100 Years of Starr Library
200 Years of the College Library
by Robert Buckeye
Reprinted in full with the permission of Robert Buckeye. Originally printed as part of a collection of essays titled, The Library at Middlebury College . Published by Starr Library, 2000.
Robert Buckeye was Abernethy Curator of American Literature and College Archivist at Middlebury College.
Six months before Middlebury College was granted a charter by the State of Vermont, the College Library was incorporated in April, 1800, and 34 shares of stock at $25 per share were sold to buy books for the library. In 1809, the library went public, offering full use of its collection to those who purchased stock shares. At that time, the library's holdings did not exceed 500 volumes. By 1836, the size of the collection was less than 3000 volumes, smaller than the combined collections of the student-run Philomathesian and Philadelphian Society libraries, but the College Library nevertheless moved into larger facilities on the second floor of the recently completed chapel on Old Stone Row. It was not until President Benjamin Labaree returned from his sabbatical in Europe in 1858 with 3400 volumes that the College Library reached 10,000 volumes.
The decision to make provision for a library a half year before Middlebury College came into existence underlines how crucial Middlebury's founding fathers thought a library to be for a college education.

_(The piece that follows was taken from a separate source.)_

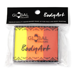 Global Colours’ NEW Brightest Tiger Split Cake was designed by an award-winning face painter to help you create the perfect super-fast tiger base that pops. By positioning your sponge over different parts of the split cake, you can create the base, cheek contours, highlights and eyesocket contrast, all with one cake.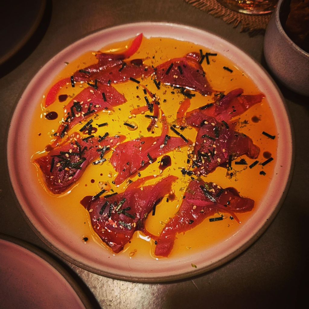 The night was carried along by some incredible service. The team love to chat and tell stories about the food. Each dish is explained methodically, proudly, and with a touch of humour, as you might expect from KOL or other starred restaurants. Water is topped up constantly, more cocktails were ‘maybe suggested’, not upsold, and getting up to use the bathroom was met with a silent nod and a chatty escort to where they’re located.

However, we need to understand how little the library of the nineteenth century is like that of the twentieth, and that these differences have to do with the uses to which books were put in the nineteenth century and the aims of a college education. Study was less library research than contemplation of a classical text. One read not to acquire information to use in the world or to train oneself for a profession, but instead to sharpen the mind, heighten the moral sense, develop character. What one read determined, in part, who one was. Thus we understand the nineteenth century institutional library best if we see it to be like that of the personal library of the gentleman. You could enter and ask to check out a book from the faculty member nominally in charge. Since he knew the collection well, he might say something about the book, but he did not provide what we consider reference and research assistance today. Organization was minimal, if not haphazard, and classification did not exist; sometimes the faculty librarian might not be able to find the book requested. The scope of the collection was limited to the classical curriculum. There were no novels in the College Library until the library of the Philomathesian Society was incorporated into the main library at the end of the century.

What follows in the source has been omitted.